• [What needs to be done] Skip every image and restate the data word for word.

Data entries

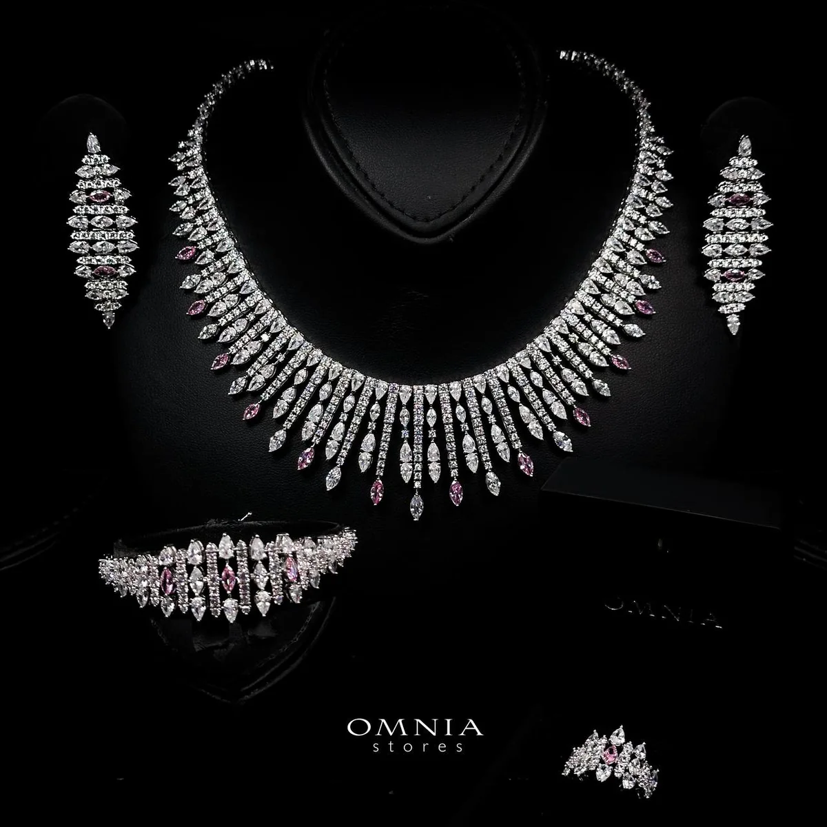 The Omnia Lana Pink Bridal Full Set is a luxurious and elegant jewelry ensemble designed to make brides feel radiant on their special day. Featuring high-quality zircon stones and finished in premium rhodium plating, this set exudes sophistication and charm. Its delicate pink accents add a soft, romantic touch, perfect for weddings, engagements, or celebratory events.
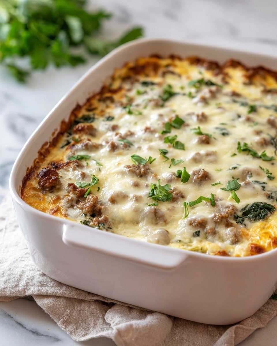 I love how the spicy, golden-browned sausage blends effortlessly with wilted spinach to bring a fresh earthiness, while the silky mix of cream, eggs, and cheeses wraps everything in a luscious, rich embrace. You’ll find this recipe is both hearty and light, packed with flavor but kind to your keto goals.
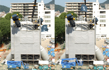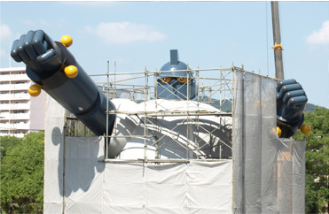 Questo gigante d’acciaio ha delle misure, se posso definirle tali, “poderose”: pesa in tutto 50 tonnellate, e nella posisione piegata su un fianco in cui è costruito è alto 15 metri: la testa da sola pesa una tonnellata, ed è alta 2 metri e mezzo. Nessuna meraviglia che la costruzione abbia richiesto più tempo del previsto, no? Anzi, mi domando se c’entri qualcosa anche quel terremoto di un paio di settimane fa, che ha avuto l’epicentro a qualche chilometro dalla costa del kanto. Mah. Fatto sta che l’inaugurazione era prevista per la primavera del 2008, ma è stata ufficialmente rimandata al 4 ottobre di quest’anno. E poi, a differenza del gundam, questa statua è progettata per essere permanente, e non verrà deassemblata dopo pochi mesi. Quindi anche se non avete in programma di venire in giappone per qualche tempo, state tranquilli che questa statua qui non scappa 😀
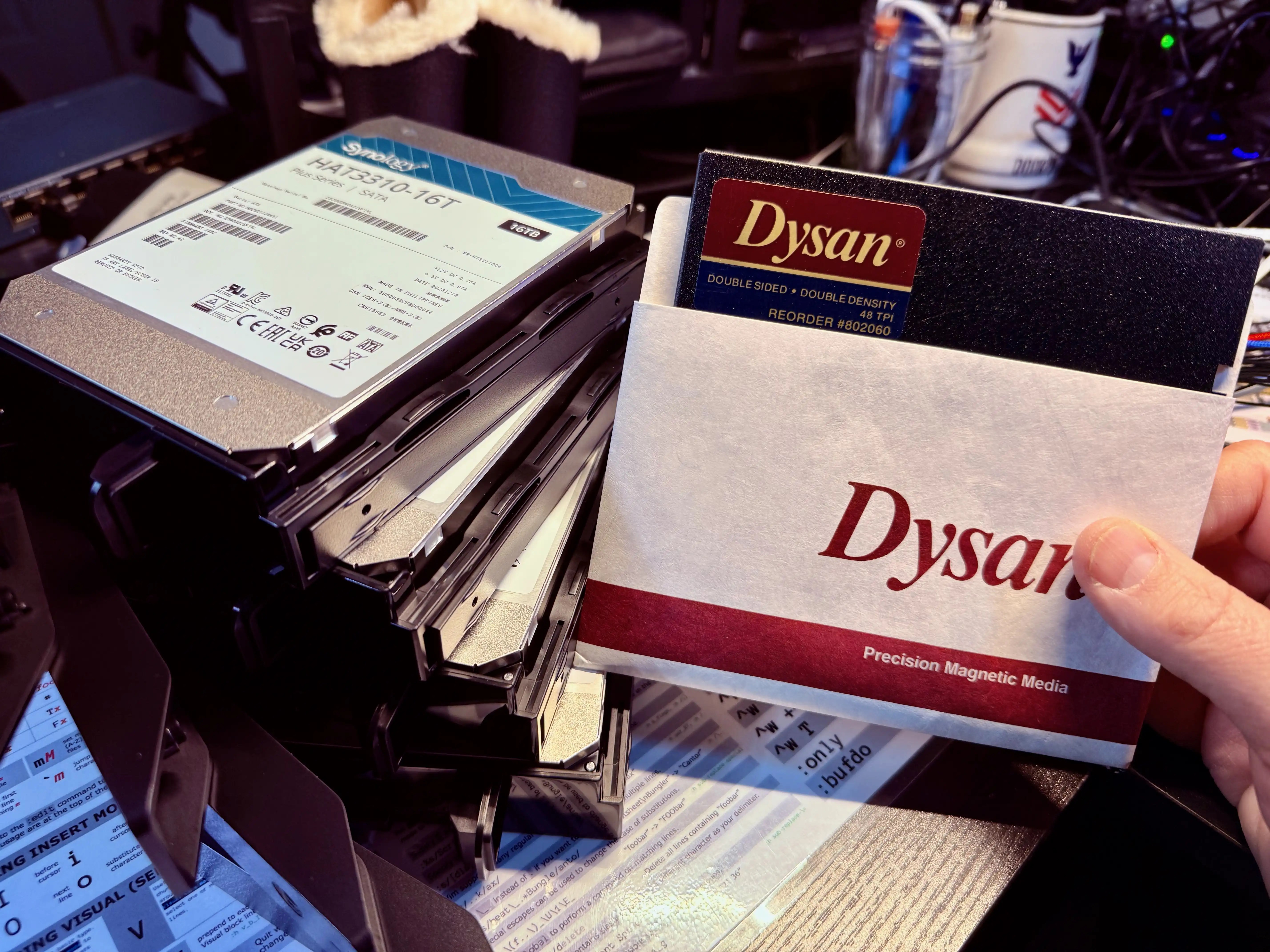 Putting four 16 Terabyte drives in a NAS. Here’s a double-sided, double-density 5.25 floppy disk for scale.
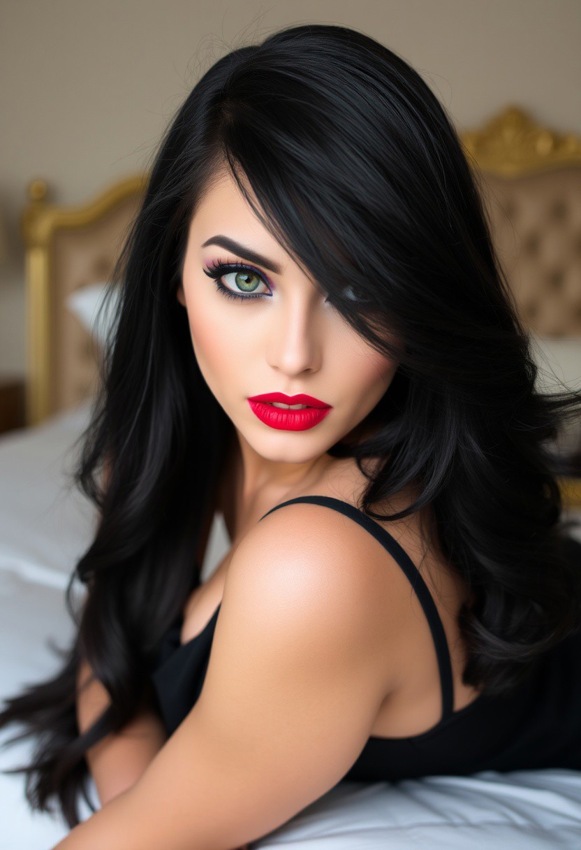 A beautiful woman is looking at viewer seductively and assertive. Her eyes are dark green with long black eyelashes and purple eyeshadow on her eyelids. A black eyeline and mascara are defining her beautiful eyes. Her very long black hair is covering her one eye. Her lips are sensual and painted red. Her makeup is elegant, boosting her best details on her pale skin. She wears a classy long black dress and black high heels. Her body has sexy curves. The background is an elegant bedroom with a classy bed. She is sitting on the bed, leaning slightly toward the viewer sensually.
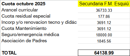 Primer año: 14/08 al 19/09 de 2025 para alumnos de otras escuelas (NO SAN BLAS).
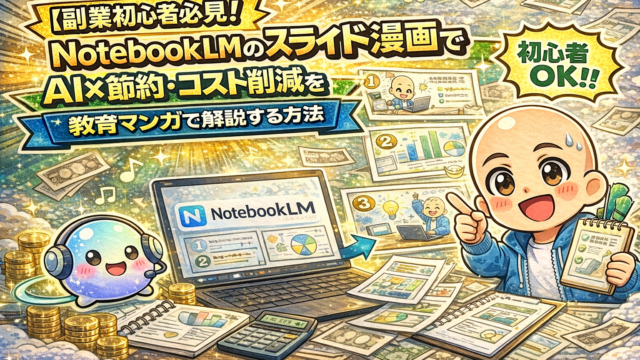 AIツール & 使い方 【副業初心者必見】NotebookLMのスライド漫画で AI×節約・コスト削減を教育マンガで解説する方法 〜月1万円以上の削減をHiroroとラボちゃんがQ&A漫画でわかりやすく解説 2026年4月1日 hiroro-ailab https://hiroro-ailab.com/wp-content/uploads/2026/03/hiroro-header-1500x500-1.png HiroroのAIと副業ラボ 「副業を始めたいけど、ツール代や外注費が怖い......」 「AIで節約できるって聞くけど、何をどう使えばいいの?」 「 …
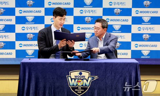 프로배구 남자부 우리카드의 박철우 신임감독(왼쪽)이 16일 서울 중구 프레스센터에서 열린 '우리카드 배구단 박철우 감독 취임 기자회견' 진성원 구단주와 계약서를 교환하고 있다. 박 감독은 올해 1월부터 파에스 전 감독의 뒤를 이어 감독대행으로 지휘봉을 잡아 후반기 18경기에서 14승 4패를 기록하며 포스트시즌에 진출하는 성과를 만들어내며 이번에 우리은행 제5대 감독으로 공식 선임됐다. 2026.4.16 © 뉴스1 이호윤 기자
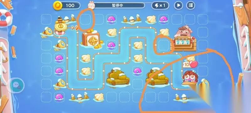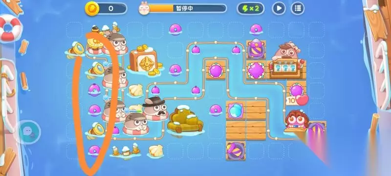 保卫萝卜4阿波尼克号攻略 这关随机性很大,如果一次过不了大家可以照着攻略多打几次。 步骤一 开局点暂停,将水雷安在如图位置,画圈处不要安水雷!
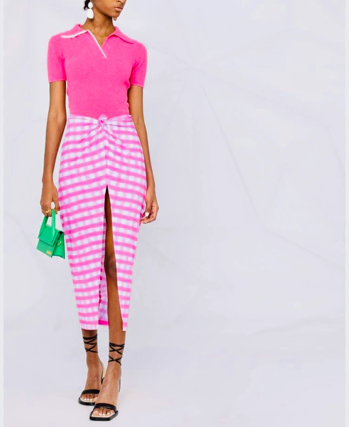 A pink and white gingham wrap skirt. It ties at the waist and has a side slit.
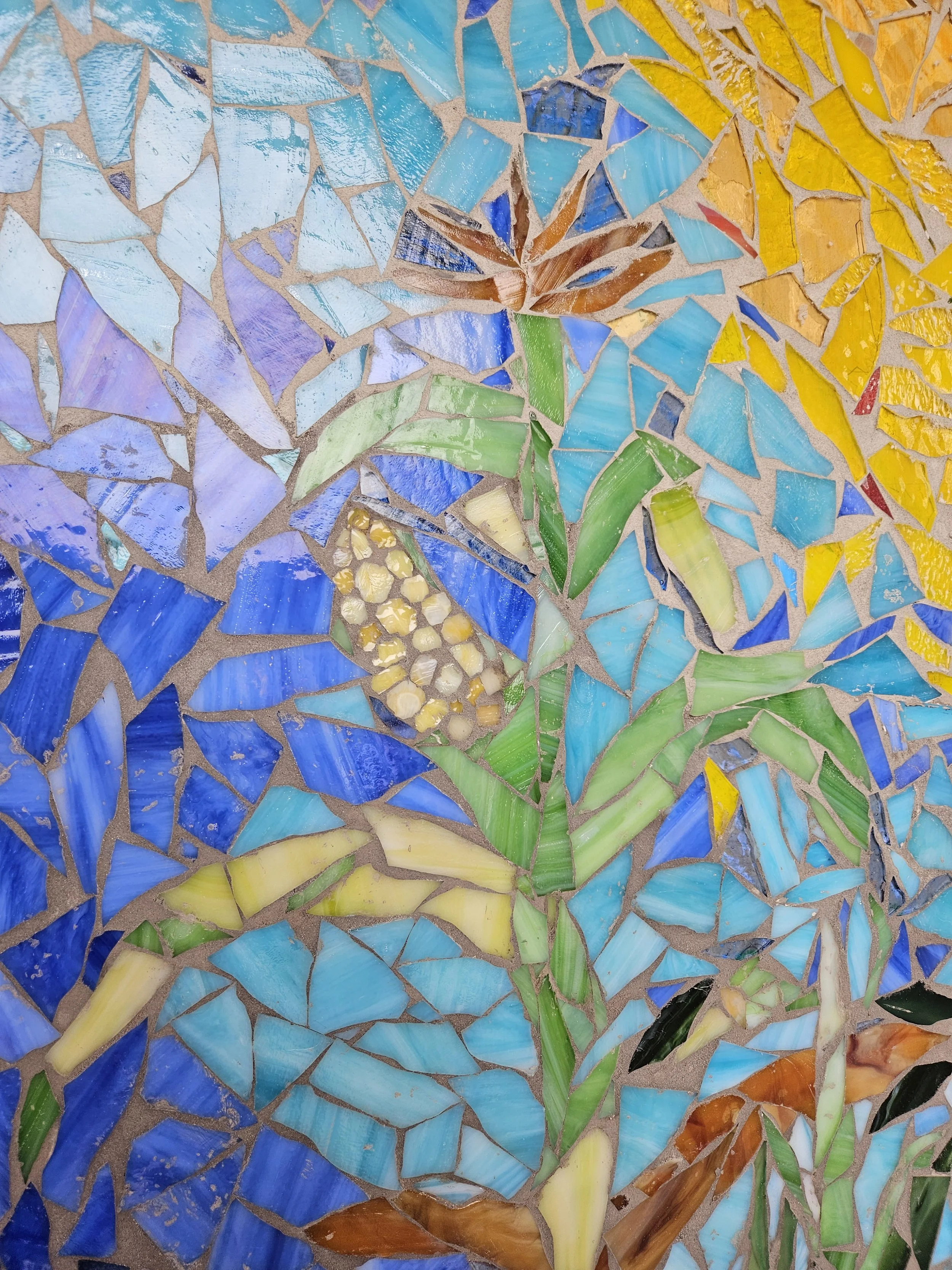 2023- 2024, Collaborative Mosaic with The Children’s Museum, Pittsburgh, PA, honoring the Three Sisters Crops, during Native American Heritage Month (November), which coincides with Fall crops and growth. The 3 crops, beans, squash, and corn, grow better together, and symbolize spiritual and cultural aspects, with a very long history- which is an understatement! We celebrated the month and the 3 crops by highlighting the roots as mirrored glass, to show the importance of these roots growing together and reflecting one another. The roots give each other nutrients to flourish, similar to the idea of community mosaic. When we work together, more can be accomplished, and we can nourish ourselves with community and sharing knowledge. We can see our hard work reflected. Thank you! The mosaic will be featured in the museum’s Fundraiser Gala so we can put money back into the arts program. After a few community work sessions at the museum, Sarah took the mosaic to her studio to finish it, grout it, and frame it with hardware for hanging.

• [Exercise result]
 The Omnia Lana Pink Bridal Full Set is a luxurious and elegant jewelry ensemble designed to make brides feel radiant on their special day. Featuring high-quality zircon stones and finished in premium rhodium plating, this set exudes sophistication and charm. Its delicate pink accents add a soft, romantic touch, perfect for weddings, engagements, or celebratory events.
 I love how the spicy, golden-browned sausage blends effortlessly with wilted spinach to bring a fresh earthiness, while the silky mix of cream, eggs, and cheeses wraps everything in a luscious, rich embrace. You’ll find this recipe is both hearty and light, packed with flavor but kind to your keto goals.
 Questo gigante d’acciaio ha delle misure, se posso definirle tali, “poderose”: pesa in tutto 50 tonnellate, e nella posisione piegata su un fianco in cui è costruito è alto 15 metri: la testa da sola pesa una tonnellata, ed è alta 2 metri e mezzo. Nessuna meraviglia che la costruzione abbia richiesto più tempo del previsto, no? Anzi, mi domando se c’entri qualcosa anche quel terremoto di un paio di settimane fa, che ha avuto l’epicentro a qualche chilometro dalla costa del kanto. Mah. Fatto sta che l’inaugurazione era prevista per la primavera del 2008, ma è stata ufficialmente rimandata al 4 ottobre di quest’anno. E poi, a differenza del gundam, questa statua è progettata per essere permanente, e non verrà deassemblata dopo pochi mesi. Quindi anche se non avete in programma di venire in giappone per qualche tempo, state tranquilli che questa statua qui non scappa 😀
 Putting four 16 Terabyte drives in a NAS. Here’s a double-sided, double-density 5.25 floppy disk for scale.
 A beautiful woman is looking at viewer seductively and assertive. Her eyes are dark green with long black eyelashes and purple eyeshadow on her eyelids. A black eyeline and mascara are defining her beautiful eyes. Her very long black hair is covering her one eye. Her lips are sensual and painted red. Her makeup is elegant, boosting her best details on her pale skin. She wears a classy long black dress and black high heels. Her body has sexy curves. The background is an elegant bedroom with a classy bed. She is sitting on the bed, leaning slightly toward the viewer sensually.
 Primer año: 14/08 al 19/09 de 2025 para alumnos de otras escuelas (NO SAN BLAS).
 AIツール & 使い方 【副業初心者必見】NotebookLMのスライド漫画で AI×節約・コスト削減を教育マンガで解説する方法 〜月1万円以上の削減をHiroroとラボちゃんがQ&A漫画でわかりやすく解説 2026年4月1日 hiroro-ailab https://hiroro-ailab.com/wp-content/uploads/2026/03/hiroro-header-1500x500-1.png HiroroのAIと副業ラボ 「副業を始めたいけど、ツール代や外注費が怖い......」 「AIで節約できるって聞くけど、何をどう使えばいいの?」 「 …
 프로배구 남자부 우리카드의 박철우 신임감독(왼쪽)이 16일 서울 중구 프레스센터에서 열린 '우리카드 배구단 박철우 감독 취임 기자회견' 진성원 구단주와 계약서를 교환하고 있다. 박 감독은 올해 1월부터 파에스 전 감독의 뒤를 이어 감독대행으로 지휘봉을 잡아 후반기 18경기에서 14승 4패를 기록하며 포스트시즌에 진출하는 성과를 만들어내며 이번에 우리은행 제5대 감독으로 공식 선임됐다. 2026.4.16 © 뉴스1 이호윤 기자
 保卫萝卜4阿波尼克号攻略 这关随机性很大,如果一次过不了大家可以照着攻略多打几次。 步骤一 开局点暂停,将水雷安在如图位置,画圈处不要安水雷!
 A pink and white gingham wrap skirt. It ties at the waist and has a side slit.
 2023- 2024, Collaborative Mosaic with The Children’s Museum, Pittsburgh, PA, honoring the Three Sisters Crops, during Native American Heritage Month (November), which coincides with Fall crops and growth. The 3 crops, beans, squash, and corn, grow better together, and symbolize spiritual and cultural aspects, with a very long history- which is an understatement! We celebrated the month and the 3 crops by highlighting the roots as mirrored glass, to show the importance of these roots growing together and reflecting one another. The roots give each other nutrients to flourish, similar to the idea of community mosaic. When we work together, more can be accomplished, and we can nourish ourselves with community and sharing knowledge. We can see our hard work reflected. Thank you! The mosaic will be featured in the museum’s Fundraiser Gala so we can put money back into the arts program. After a few community work sessions at the museum, Sarah took the mosaic to her studio to finish it, grout it, and frame it with hardware for hanging.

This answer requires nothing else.